After 15 years in power as prime minister and president, Tayyip Erdogan faced down a weak opposition in June elections that swept away any checks and balances to the unchallenged rule he wanted. In Turkey he appears lord of all he surveys, Reuters reports.

But his victory could become a poisoned chalice if he cannot resolve an angry feud with President Donald Trump that is pushing his country towards financial crisis.

Erdogan has limited options. Most involve a loss of face or a loss of sovereignty for which he alone would be blamed, having successfully marginalized not just a divided opposition but his own Justice and Development Party (AKP).

His victories in June were decisive. Re-elected as president under a new order modeled more on Vladimir Putin’s Russia than France or the United States, he also secured a parliamentary majority by allying with far-right nationalists.

The role of prime minister was abolished, leaving Erdogan to dominate not just the executive - appointing ministers, chairing the cabinet and replacing top civil servants with political appointees – but also holding sway over the judiciary and the legislature.

Having chosen to rule alone from his vast neo-Ottoman palace in Ankara, he confronts the spiraling crisis alone.

The lira has collapsed by 40 percent this year. Turkish banks that borrowed heavily abroad now face the near impossible task of refinancing short-term debt in expensive dollars and euros.

Investors rattled by soaring inflation and a widening current account deficit were suddenly confronted by a row between Erdogan and Trump, who doubled tariffs on U.S. imports of Turkish steel and aluminum in an attempt to force Ankara to release Andrew Brunson, an evangelical Protestant pastor jailed after an attempted coup in 2016.

As the lira lost a quarter of its value last month alone, Erdogan accused the United States of waging “economic war” against Turkey.

Speaking last month at the anniversary of an 11th century Turkish victory over the Christian Byzantine empire, Erdogan told Turks not to believe the dispute with the United States was about him. “No, their issue is Turkey. The issue is Islam,” he thundered.

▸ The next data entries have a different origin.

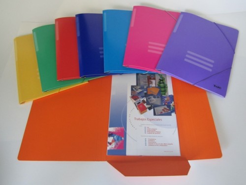 Carpetas de gomas fabricadas en cartón con tres solapas y cierre con gomas en colores diversos. Tamaño Folio.
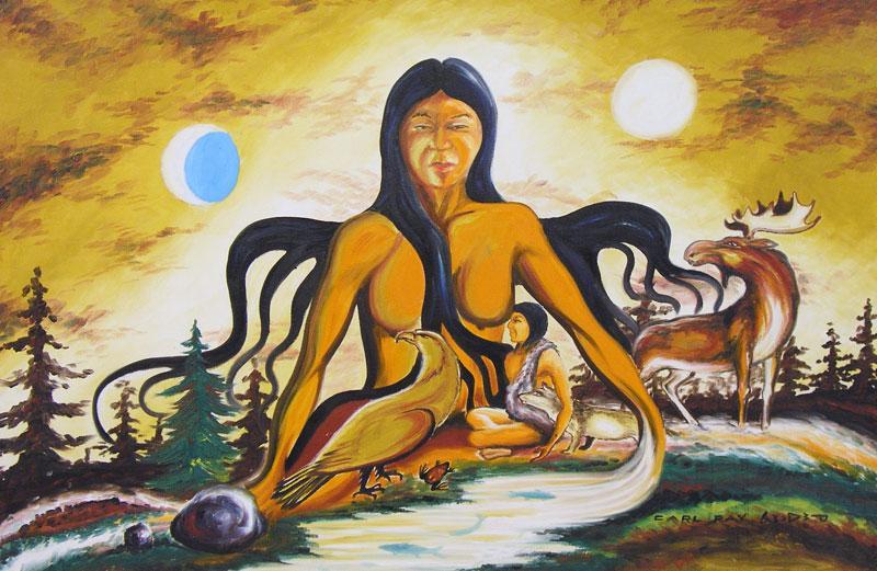 Canadian [1943-1978] GUARDIAN SPIRIT acrylic on board 24 x 36 in. (61 x 91.4 cm) signed
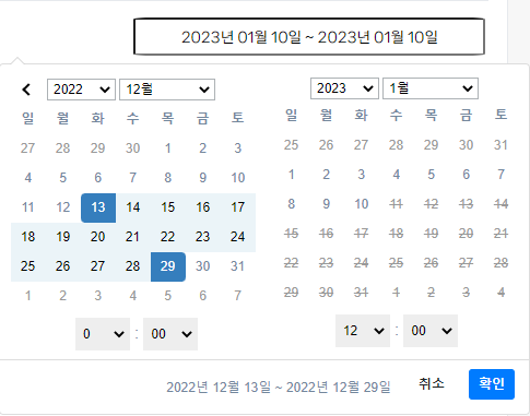 - 해당 설정을 html의 input 태그에 적용하여 사용자가 input 태그를 클릭 했을 때 달력이 팝업되도록 한다.
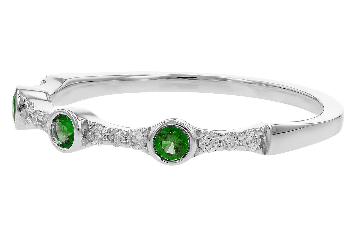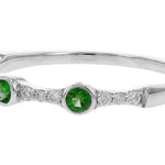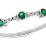 This enchanting ring showcases three vibrant emeralds totaling 0.11 carats, set in gleaming 14K white gold. The emeralds are arranged in a classic trio design, with the center stone slightly larger, flanked by two smaller emeralds. Between them, 0.09 carats of round diamonds add a brilliant contrast, enhancing the ring’s sparkle and elegance.
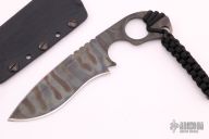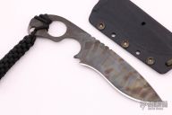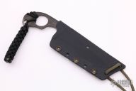 This Rare SLCC by Mick Strider features a flamed Stellite recurve multi-ground blade with sharpened top edge and notched thumbrest, .142" blade stock and 1.623" blade depth, full tang construction. Comes with a kydex sheath. Has some light scuffs, otherwise excellent condition.

This plays well with his base and, since Trump has used tariffs as a political reprisal, means most of the opposition will line up behind the Turkish president.

But the issue Erdogan most urgently has to confront is cash.

According to JPMorgan, $179 billion in Turkish foreign debt matures in the year to July 2019, $146 billion of which is owed by the private sector – especially Turkey’s banks – which borrowed abroad but often earns mostly in lira, saddling it with a severe debt mismatch given the plummeting currency.